* [Information provided]:
┏━━
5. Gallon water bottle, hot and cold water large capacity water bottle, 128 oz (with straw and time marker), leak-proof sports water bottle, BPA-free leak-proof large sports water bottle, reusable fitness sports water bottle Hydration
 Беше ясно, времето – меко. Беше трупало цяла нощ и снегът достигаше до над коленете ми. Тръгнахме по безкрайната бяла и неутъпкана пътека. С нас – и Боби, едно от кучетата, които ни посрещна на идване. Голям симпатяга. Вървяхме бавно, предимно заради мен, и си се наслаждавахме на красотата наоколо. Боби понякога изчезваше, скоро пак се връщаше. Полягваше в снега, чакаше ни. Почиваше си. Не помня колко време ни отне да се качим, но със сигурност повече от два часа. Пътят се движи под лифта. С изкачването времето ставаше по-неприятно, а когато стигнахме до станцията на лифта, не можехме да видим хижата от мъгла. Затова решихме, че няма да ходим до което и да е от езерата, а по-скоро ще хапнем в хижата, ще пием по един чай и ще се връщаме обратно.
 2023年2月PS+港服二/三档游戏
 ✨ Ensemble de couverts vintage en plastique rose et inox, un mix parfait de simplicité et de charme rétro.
┗━━
┏━━
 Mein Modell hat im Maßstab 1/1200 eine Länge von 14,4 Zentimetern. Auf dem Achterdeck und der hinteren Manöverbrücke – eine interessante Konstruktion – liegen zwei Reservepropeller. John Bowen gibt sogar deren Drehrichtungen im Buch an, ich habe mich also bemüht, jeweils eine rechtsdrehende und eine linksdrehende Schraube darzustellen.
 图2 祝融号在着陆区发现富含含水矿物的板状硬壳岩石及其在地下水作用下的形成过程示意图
┗━━
Reproduce verbatim only the segment of the listing bounded by the line containing "2023年2月PS+港服二/三档游戏" and the line containing "de charme rétro.", with both boundary lines included.

 2023年2月PS+港服二/三档游戏
 ✨ Ensemble de couverts vintage en plastique rose et inox, un mix parfait de simplicité et de charme rétro.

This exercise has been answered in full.